Chinee and I were separated when we arrived at the church and though I had been permitted to ride in the limo albeit reluctantly, I would not be allowed to sit with my family. The front row bench to the left of the church had been reserved for the most immediate family members, or should I say the adult immediately family members and the necessary minions appointed to hug, hold, fan and comfort my sisters and brother. I had been banished to a bench three rows back and forced to sit with an aunt-in-law, who admittedly disliked my mother and obviously cared just bit less for all but one of Mother’s children, I wasn’t the One. Throughout the service I strained my neck to peer into the casket which held my Mother. Back then, the casket was routinely kept open throughout the service. Family members and friends were allowed to approach the casket to bid their final farewells at the end of the service. I was afraid that since I was not on the front row I would not be given an opportunity to take a last look at my mother.

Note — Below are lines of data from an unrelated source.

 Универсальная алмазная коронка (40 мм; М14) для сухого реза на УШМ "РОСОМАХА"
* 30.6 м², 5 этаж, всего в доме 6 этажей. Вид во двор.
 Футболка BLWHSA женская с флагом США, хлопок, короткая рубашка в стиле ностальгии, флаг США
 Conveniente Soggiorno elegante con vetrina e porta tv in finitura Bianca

Each of my searching strains were answered by a vicious, twisting and violent pinch, apparently gleefully administered by my aunt, all while being told to sit still. There were tears streaming from the eyes of my sibling but none of theirs tears were tinged with the physical pain that accompanied mine. I longed for both my brother and my mother.

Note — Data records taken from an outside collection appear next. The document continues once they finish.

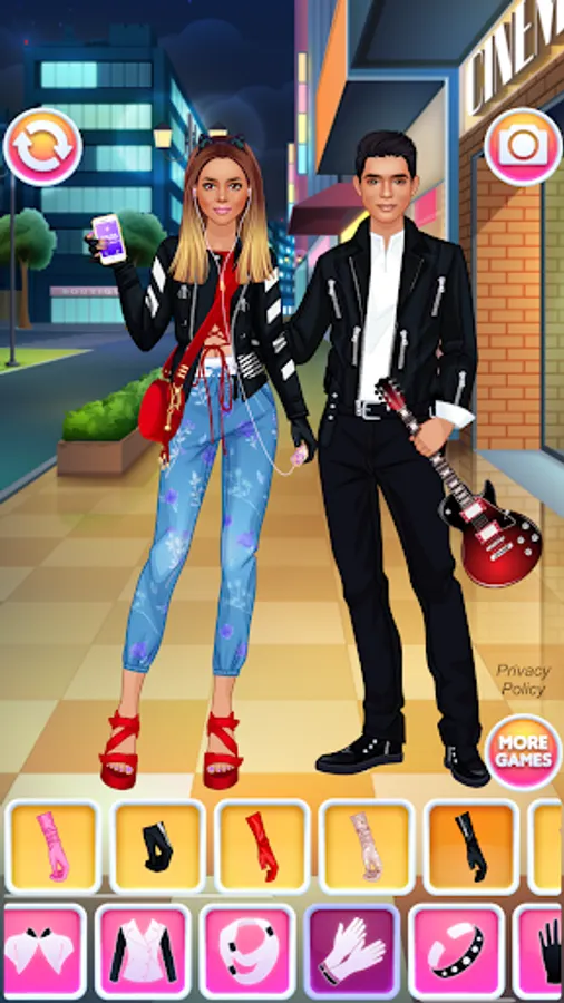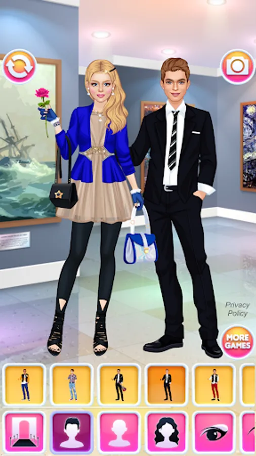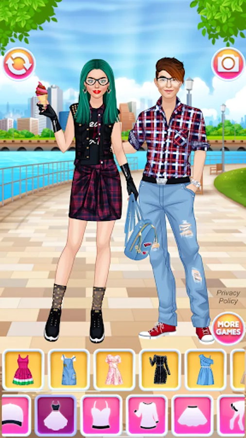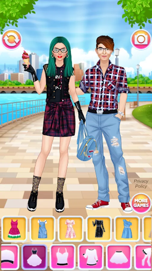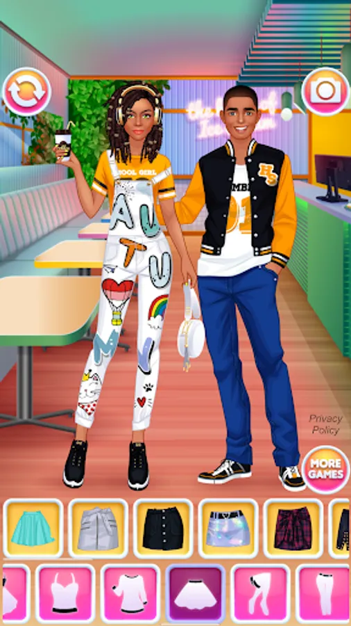 This new makeover game offers a stunning, 400+ items stong, selection of fashion design options for all fans of beauty and virtual cosplay. Rummage through dresses, tops, skirts, pants, jewelry, make-up, hairstyles, accessories - over 25 categories in total. Design millions of outfits: a cool popular girl, a geeky intelligent STEM nerd who will go to college, a career-oriented business student, a subculture adept with unusual piercings - you can style them all, and more. Young fashionistas will love the role of an outfit designer and image maker for the cute couple of teens.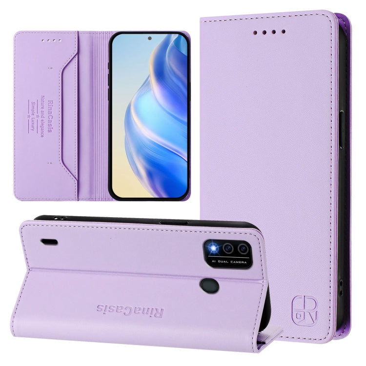 Funda de Cuero RFID para Teléfono Itel A48 Rc01 con Doble Pliegue y Succión Magnética (Morado Claro)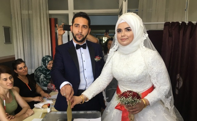 Gelin arabasının arkasına “ömrümün en özel seçimi” yazdıran çift, oylarını kullandıktan sonra düğünlerinin yapılacağı yere doğru yola çıktı.

Somehow the memorial service ended and my bruised arm and I found ourselves standing next to Mother’s casket. She looked just as she had when last I’d seen her at the hospital; the little smile still on her face brought a small, a very small measure of comfort to me. Too soon, we were all ushered back into the various automobiles and ordered to follow the hearse. At the gravesite, once again, there was seating only for four. I stood across from my siblings with the yawning grave separating us. I stood at the very periphery of that gaping, anticipating aperture which was to be Mother’s final earthly resting place.

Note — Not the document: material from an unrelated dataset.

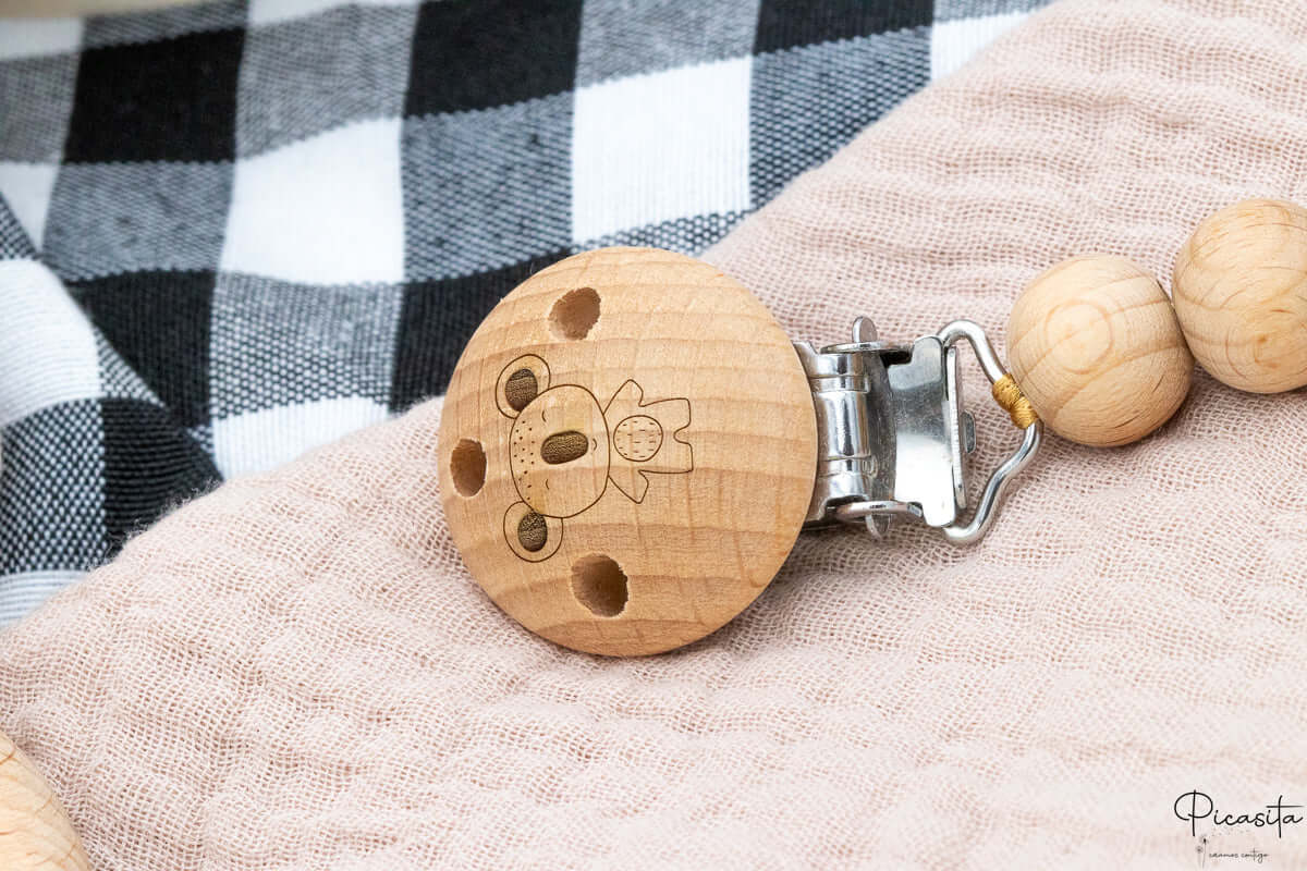 La personnalisation est ce qui transforme un objet ordinaire en un souvenir pour toute la vie. Lorsque vous décidez d’offrir un cadeau à un bébé, vous voulez qu’il soit unique. Sur picasita.es, nous utilisons une technologie de gravure laser de haute précision. Cette méthode n’utilise ni encres chimiques ni fils, obtenant une finition monochrome en gris foncé qui est permanente et totalement sûre. Nous gravons le nom du petit accompagné d’un adorable animal sur les accessoires en bois et silicone. De plus, cette corbeille pour bébé est une excellente option pour les entreprises ; nous pouvons intégrer discrètement le logo corporatif pour des cadeaux institutionnels de haut niveau.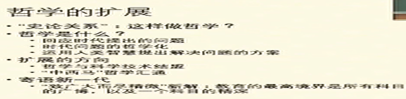 在此之后,赵敦华教授讨论了哲学如何扩展,以及扩展的方向。他认为哲学的扩展不仅是方法论问题,也是哲学的性质问题,哲学首先是“对时代提出问题的回应”,其次能够用哲学的话语提出问题,找到解决问题的方案(“时代问题的哲学化”),最后哲学“运用人类智慧提出解决问题的方案”。针对哲学扩展的方向,赵敦华教授强调了两点,一个是哲学与科学技术结盟,一个是朝向“中西马”哲学汇通的方向努力。他对《中庸》的“致广大而尽精微”做出新的解释,认为教育的最高境界是所有科目的广博,以及一个科目的精深。赵敦华教授以一句殷切的寄语结束了本次讲座:年青时广泛涉猎科技和人文的知识,成人做哲学的精深人才。

I heard the minister reading the verses leading to interment and it wasn’t that I was purposely trying to ignore what he was saying but there was a sound coming from the grave, a gurgling! I dared a quick look around to see if any one else had picked up on the sound. But, I must have moved too quickly because my movement was met with another blood-clotting pinch by that same Aunt, from where in Hell had she come? As Minister Lockett exhorted us to take to heart the passage of which he was about to read, something niggled at my consciousness and as he began to recite the Scripture’s chapter and verse, the gurgling, bubbling sound grew louder and became a crescendo of thunder ushering in an unwanted, uninvited dream I did not want to remember. “Children”, said Minister Lockett, “Christ has left us a road of which if we follow we will find not only Him at the end of it but our love ones as well”. “Your mother hasn’t left you no more than Christ has left us”. “He went to prepare a place for us and your Mother is now occupying her place in God’s kingdom and she will be waiting for you when God calls your name…St. John 14th Chapter…”, it was then in that moment that I lost the ability to breathe. The forgotten dream came flooding back to me, filling me with unexplained yet experienced dread. I recalled crying in that dream because I didn’t have a white dress. I remembered mother lying in a white casket wearing a white dress. I remembered a grave dug above an underground spring, filling slowly, slowly, slowly with water…I remembered… …nothing else because gratefully my brain turned off the switch that kept me upright and supposedly I went down, muddying the borrowed outfit, sending every strand of hair on my head astray and snagging the new nylons as I went. Although it was later blamed on my ill-fated decision not to eat breakfast, I knew better and so would have Mother, if she was not already seated around God’s throne.

2 thoughts on “MY BROTHER WAS MY KEEPER PART VII The Funeral, Chinee and Me

  1. You have once again brought me into the lives of people who comprised Shankleville and the surrounding communities, i.e., Newton, Jasper and Beaumont. Its a perspective I had not witnessed to such an intense degree previously…especially through the eyes of a young girl. I look forward to your next segment.